We brought Wolfie, his favorite toy, a food and water dish, food, and treats for the ride. I read that giving doggy CBD oil may help calm him down before we go but we ended up skipping that step and it wasn’t an issue. We made sure to go on a nice walk before we headed out to the airport to get him nice and tired.
We parked in economy parking which was pretty far away from our terminal but thankfully we caught a bus that drove us there. The bus driver told me that I had to tell her Riley was a service dog or he wasn’t allowed on! He was in his crate for the bus ride. Once we got to the terminal, we let him go potty one more time. Then we put a belly band on him and went straight to the United check in. Because we had paid before hand for Riley’s “ticket”, we had no issues checking in and getting Riley’s tag for his crate.
From there we went through security. The line was short and Rye seemed amused by the people around him but content to stay in his crate. We were informed that we had to take Riley out of his crate and hold him in order to go through the xray together while his crate went on the conveyor belt to get scanned separately. After, they check your hands while you are still holding your doggy. Riley went back into his crate easily although a little spooked now by the hussle and bussle.

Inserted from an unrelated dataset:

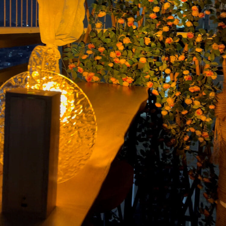 Modern Romantic Solid Wood Rotating Water Pattern LED Table Lamp

By the time we sat down to wait for boarding, we realized that our plane was delayed by one hour. We let Rye sit on our lap instead of in his crate for a little bit. This was the only time he was a little antsy about having to stay still. He whined a little and scratched at his crate but ended up settling in.
Once we boarded, we put Riley down at my feet. The crate fit perfectly! I think Rye knew that it was time to sleep because he curled up and went right to sleep. He slept through take off and as far as I could tell, only moved to get into a better sleeping position! He did such a good job.

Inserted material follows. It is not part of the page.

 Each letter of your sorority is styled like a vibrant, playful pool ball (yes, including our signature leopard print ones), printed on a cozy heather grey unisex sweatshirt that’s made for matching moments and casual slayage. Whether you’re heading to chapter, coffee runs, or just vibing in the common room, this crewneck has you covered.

Once we landed, we didn’t have time to take Riley to the pet relief area on the other side of the airport or take him outside and go back through security. I figured that since we took an overnight flight, it was the same thing as Riley sleeping through the night without going potty.
Flight number two went the same uneventful way, although I did hear someone whisper, “Look, I think that is a bunny!” when pointing at Riley. That gave me a giggle. When we landed at our destination and I picked Riley up from his place under the seat, the woman across the aisle said, “Wow, you had a dog that whole time? I didn’t even notice! He was so good!”
The trip back went exactly the same way as our trip out. We saw so many small dogs traveling for the holidays. I think there may have been 3 or 4 dogs just on one of our planes! Overall, traveling via plane with Riley was way easier than I expected. It was a relief to know that Riley didn’t seem to care about the pressure difference of taking off or landing. I guess he just thought it was a car ride. He does well in car rides too! I am much more willing to consider taking Riley with us by plane again in the future.
Thanks for reading! Please let us know about your experience you've had with traveling by plane with your dog. Also, feel free to ask any questions about doggy carry-ons you may have!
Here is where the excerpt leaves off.